To evaluate, we consider the contour integral
$$\oint_C \frac{dz}{z} \frac{e^{-\sqrt{a z}}}{c+\sqrt{z}} \cos{\sqrt{b z}} e^{t z} $$
where $C$ is a Bromwich contour which is detoured above and below the negative real axis and around the origin, as we define a branch cut of the square root there. We define the branch cut by setting $-1=e^{i \pi}$ above the cut and $-1=e^{-i \pi}$ below the cut.

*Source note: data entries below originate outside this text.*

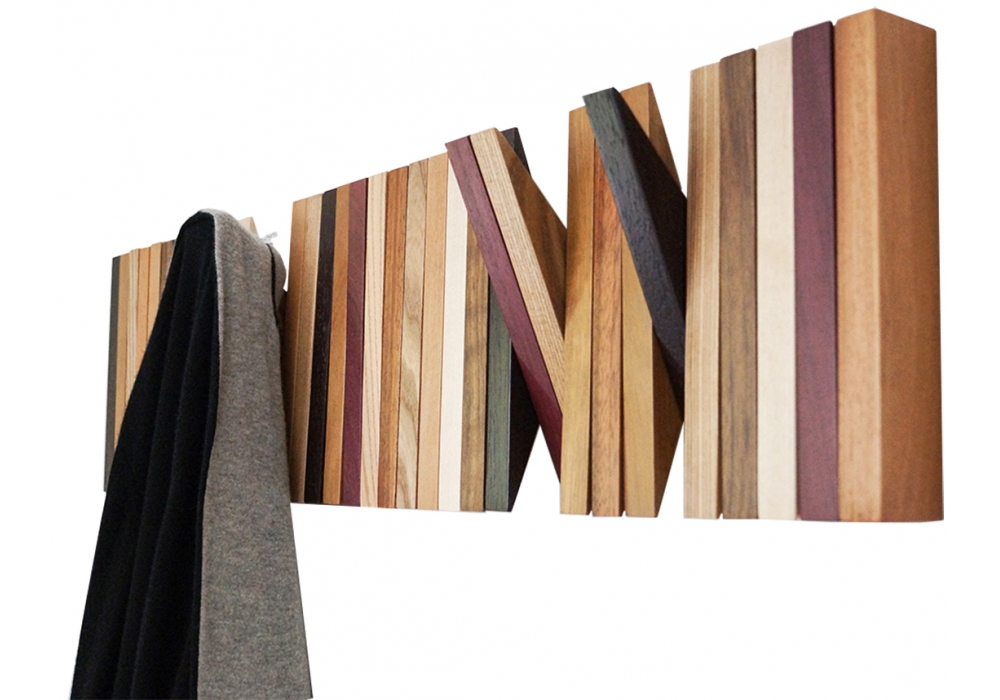 Pantonia Premium disegnata da Yurii Cegla per Ornythos è un appendiabiti. È realizzato con diverse specie legnose: yroko, acero, wenge, castagno, amazzea, viola, doussi, etimo ed olmo.
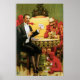 In this 1915 advertising poster Alexander Fredrik is seen sitting at a table decorated with skulls playing cards with the devil. On the floor sit a group of little demons playing a game as well.
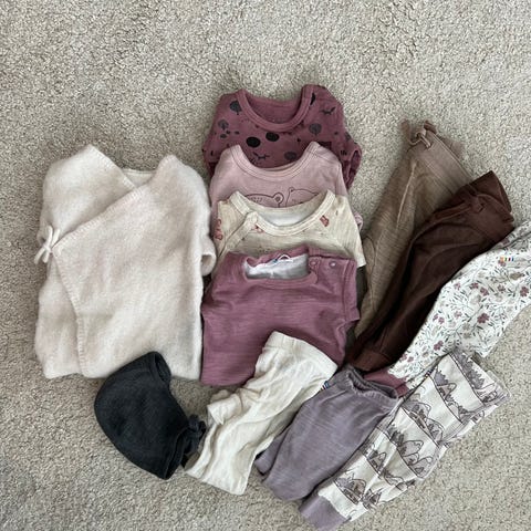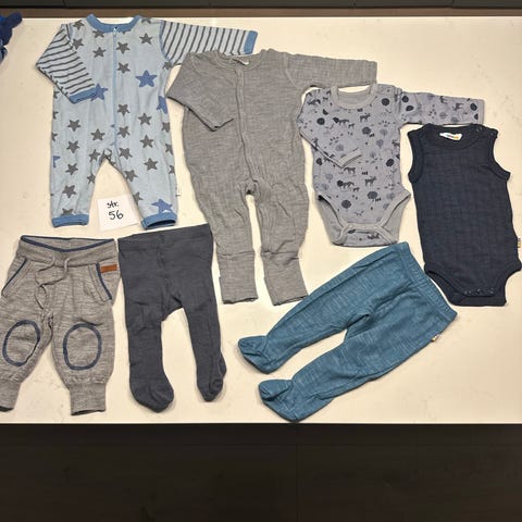 Pent brukt klespakke med ull i størrelse 56 + en body i 62. Totalt 10 plagg. Noen nupper kan forekomme på blant annet strømpebuksa, disse er ikke forsøkt fjernet. Pakken inneholder:
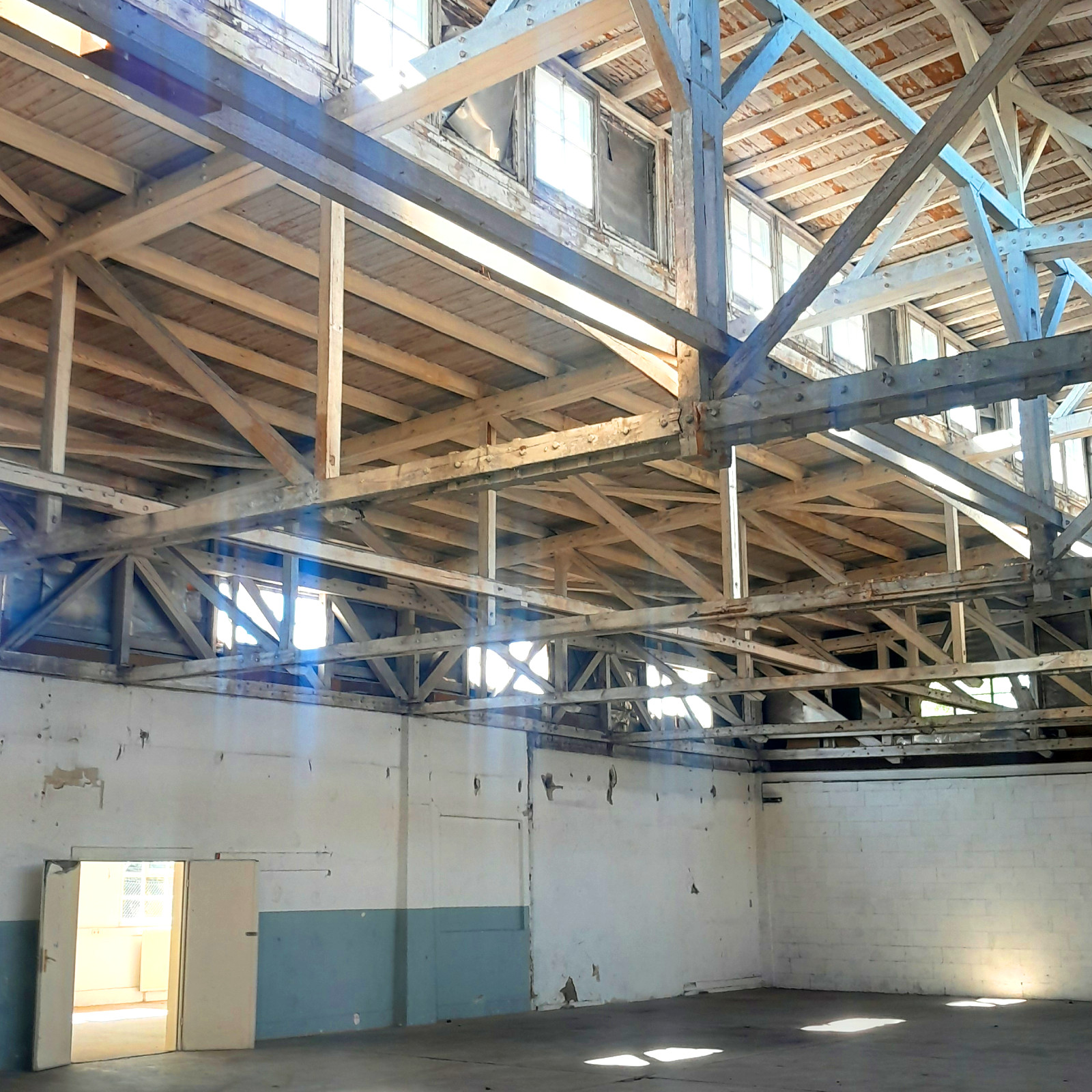 Einbau zusätzlicher Längsaussteifungen in das historische Dachtragwerk des Flugzeughangars
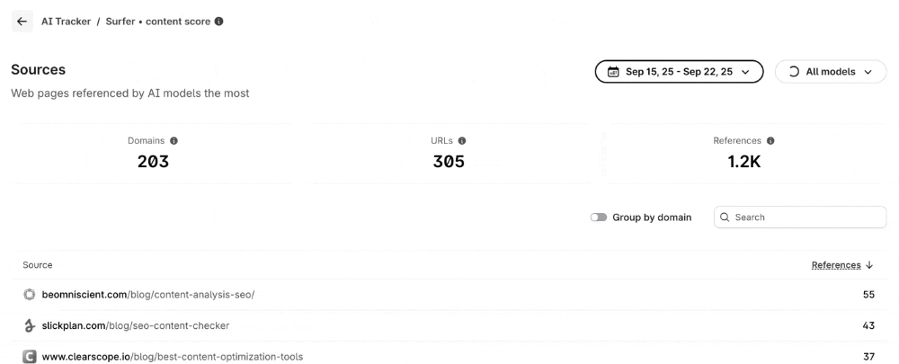 This helps you quickly assess whether a specific site (like surferseo.com) is a major source, and exactly which of its pages the AI is referencing. You can switch back to the default view any time by toggling the button off. 🔂
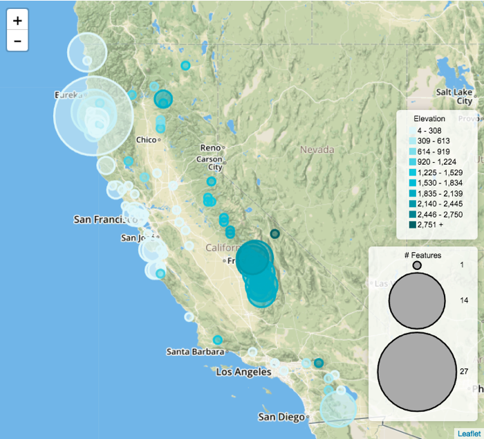 You can display two distinct measurements in the Circle Layer by placing the secondary measurement on the Colors shelf. The following steps extend the work completed in Interactive maps, and demonstrate how to visualize two separate measures on the same map.
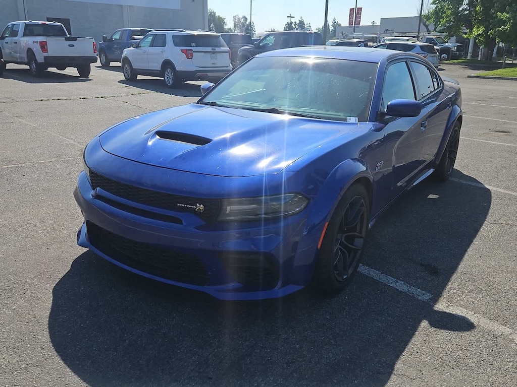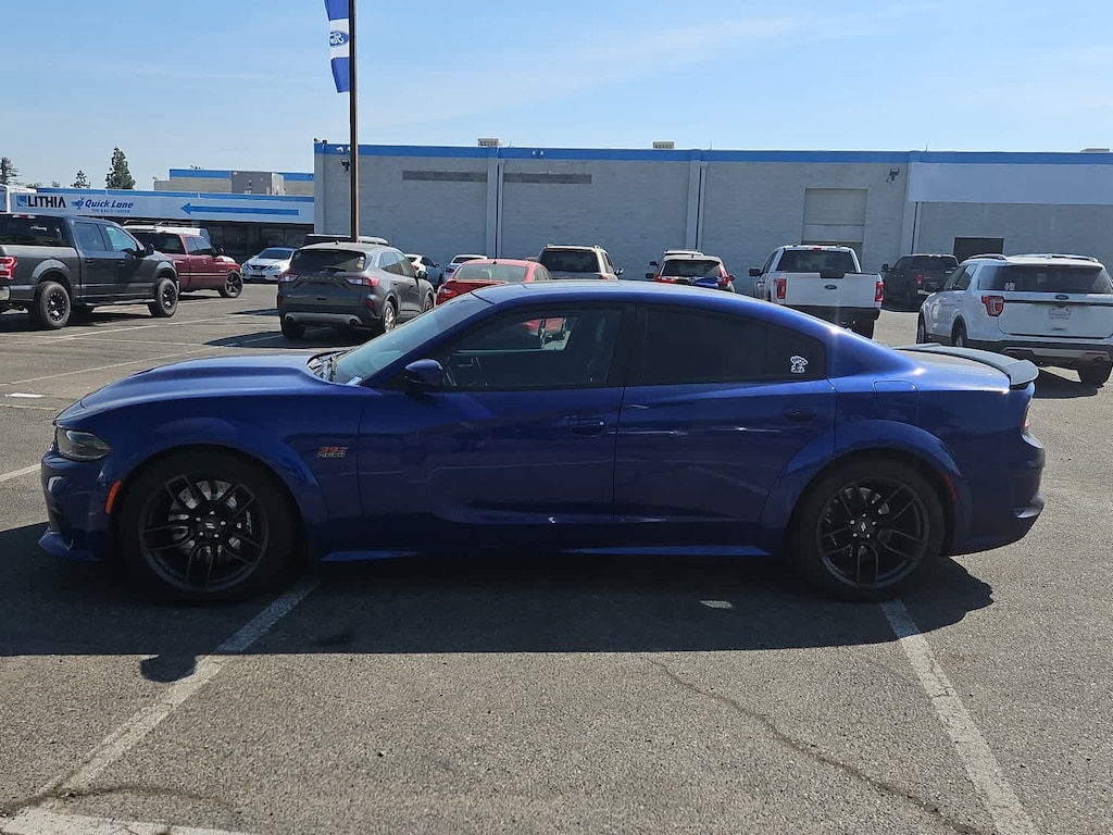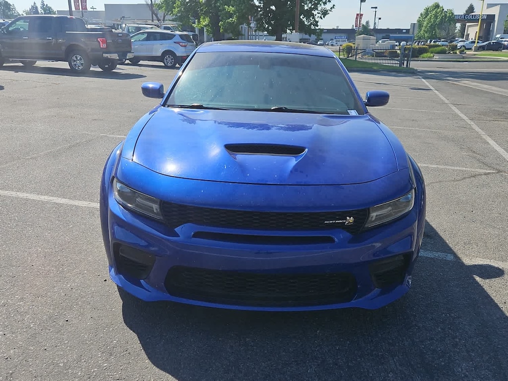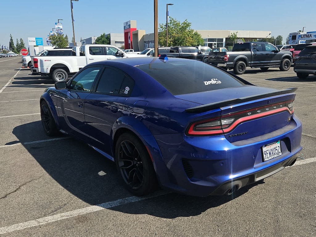 Lithia Ford and Lincoln of Fresno is pleased to offer this Indigo Blue 2021 Dodge Charger R/T Scat Pack Widebody for purchase, this vehicle is well equipped with many features including: harman/kardon Audio Group (19 harman/kardon GreenEdge Speakers, harman/kardon GreenEdge Amp, and Surround Sound), Plus Group (Auto Adjust In Reverse Exterior Mirrors, Auto-Dimming Exterior Driver Mirror, Black-Edged Premium Floormats, Blind Spot & Cross Path Detection, Blind Spot Memory/Power/Heat Mirror, Driver & Passenger Lower LED Lamps, Exterior Mirrors Courtesy Lamps, Front Overhead LED Lighting, Heated 2nd Row Seats, Illuminated Rear Cupholders, Power Driver/Passenger 4-Way Lumbar Adjust, Power Front Driver/Passenger Seats, Power Tilt/Telescope Steering Column, Premium-Stitched Dash Panel, Radio/Driver Seat/Mirrors Memory, Rear Seat Armrest w/Storage Cupholder, Scat Pack Logo Nappa/Alcantara Seat, and Ventilated Front Seats), Quick Order Package 21V Scat Pack Widebody (Adaptive Damping Suspension, All Speed Traction Control, Body Color Fender Flares, Brembo 6-Pot Fixed Front Caliper Brakes, Flat-Bottom Steering Wheel, Performance Shift Indicator, Wheels: 20 x 11 Devils Rim Aluminum, and Widebody Competition Suspension), Widebody Package, Black w/Cloth Performance Seats or Daytona Logo Nappa/Alcantara Seat or Nappa/Alcantara Performance Seat, 4-Wheel Disc Brakes, 6 Speakers, ABS brakes, Air Conditioning, Alloy wheels, AM/FM radio: SiriusXM, Anti-whiplash front head restraints, Apple CarPlay/Android Auto, Auto-dimming Rear-View mirror, Automatic temperature control, Brake assist, Bumpers: body-color, Cloth Performance Seats w/Bee Logo, Compass, Delay-off headlights, Driver door bin, Driver vanity mirror, Dual front impact airbags, Dual front side impact airbags, Electronic Stability Control, Emergency communication system: SiriusXM Guardian, Four wheel independent suspension, Front anti-roll bar, Front Bucket Seats, Front Center Armrest, Front dual zone A/C, Front fog lights, Front License Plate Bracket, Front reading lights, Fully automatic headlights, Garage door transmitter: HomeLink, Heated door mirrors, Heated front seats, Heated steering wheel, Illuminated entry, Knee airbag, Leather Shift Knob, Low tire pressure warning, Manufacturers Statement of Origin, Occupant sensing airbag, Outside temperature display, Overhead airbag, Overhead console, Panic alarm, ParkView Rear Back-Up Camera, Passenger door bin, Passenger vanity mirror, Power door mirrors, Power driver seat, Power steering, Power Sunroof, Power windows, Radio data system, Radio: Uconnect 4C w/8.4 Display, Rear anti-roll bar, Rear reading lights, Rear seat center armrest, Rear window defroster, Remote keyless entry, Security system, Speed control, Speed-Sensitive Wipers, Split folding rear seat, Spoiler, Sport steering wheel, Steering wheel mounted audio controls, Tachometer, Telescoping steering wheel, Tilt steering wheel, Traction control, Trip computer, Variably intermittent wipers, and Wheels: 20 x 9 Lo Gloss Granite Crystal. RWD SRT HEMI 6.4L V8 MDS 8-Speed Automatic R/T Scat Pack Widebody Daytona Edition
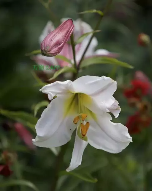 野百合是百合科百合属的多年生草本植物。鳞茎呈球形,鳞片呈披针形白色;茎高0.7-2米,…
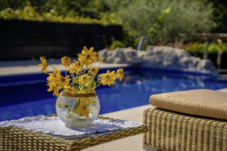 Ostalo: Besplatan WiFi internet. Besplatan privatni parking na parceli. Udobne ležaljke za sunčanje i zelena pergola s lounge prostorom uz bazen. Vanjski tuš u vrtu. Dodatan adut ove ville je preljevni bazen koji se ulijeva u manji bazen (2 x 4 m) u vrtu, što čini ovu villu idealnom za obitelj s djecom.
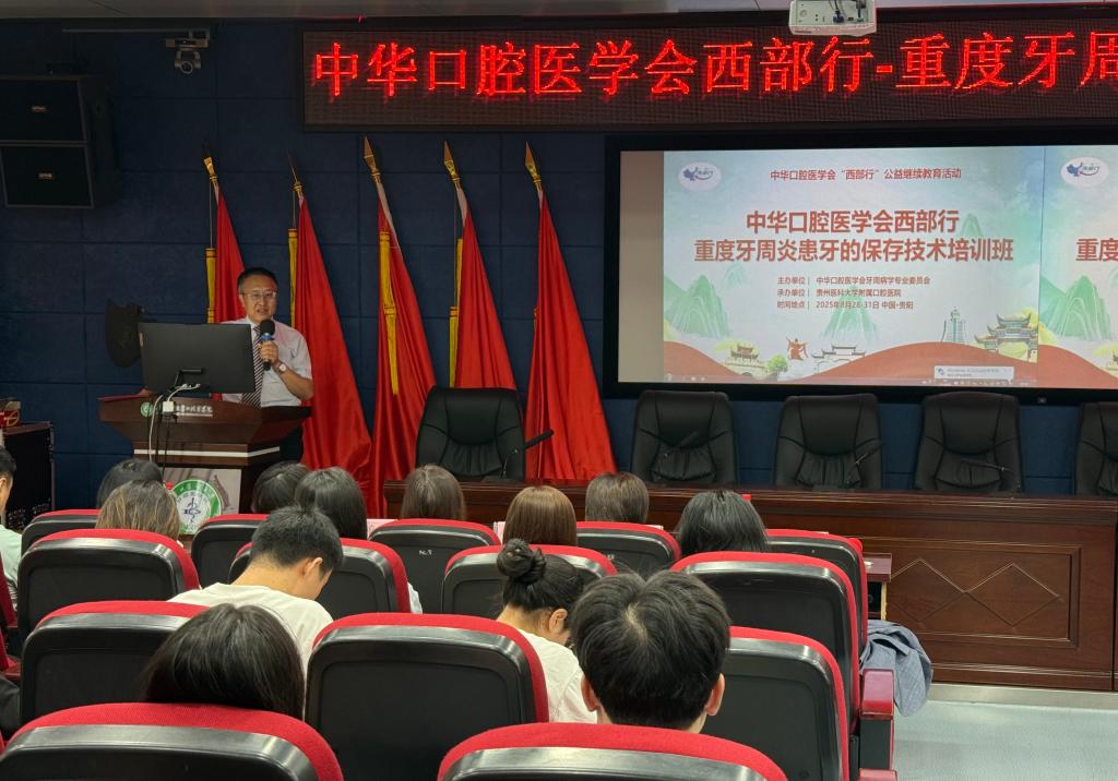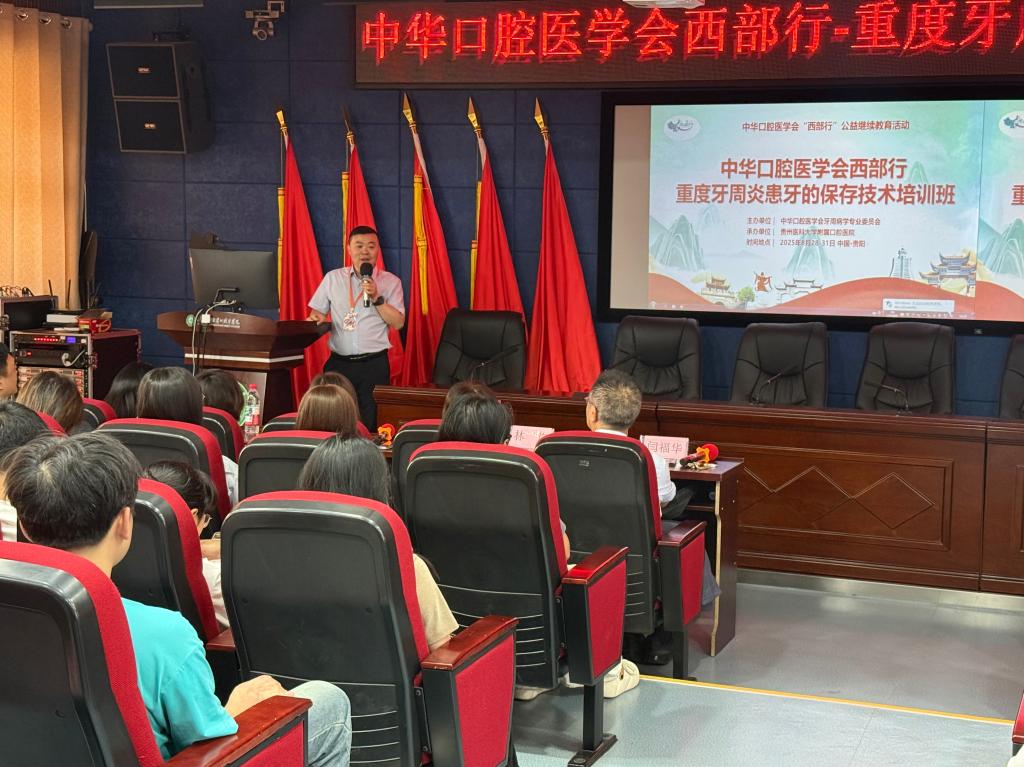 承办的“西部行——重度牙周炎患牙的保存技术培训班”在贵阳市成功举行。本次培训聚焦重度牙周炎患牙保存技术,旨在提升参训人员的规范化操作能力与综合诊疗水平,促进学科交流与区域均衡发展。来自全国各地的100余名学员齐聚贵阳,共同探讨牙周疾病防治新理念、新技术和新实践。

I will leave the details to the reader for now, but I get as a final result after applying Cauchy's theorem
$$\frac{c}{i 2 \pi} \int_{\gamma-i \infty}^{\gamma+i \infty} \frac{ds}{s} \frac{e^{-\sqrt{a s}}}{c+\sqrt{s}} \cos{\sqrt{b s}} e^{t s} = \\1-\frac1{\pi} \int_{-\infty}^{\infty} \frac{dx}{1+x^2} \left [\frac{\sin{\left (\sqrt{a} c x\right )}}{x} + \cos{\left (\sqrt{a} c x\right )} \right ] \cosh{\left (\sqrt{b} c x\right )} e^{-t c^2 x^2}$$
I will work on evaluating the integral on the RHS as time permits. I suspect the final answer involves error functions of complex arguments, but I cannot say for sure right now.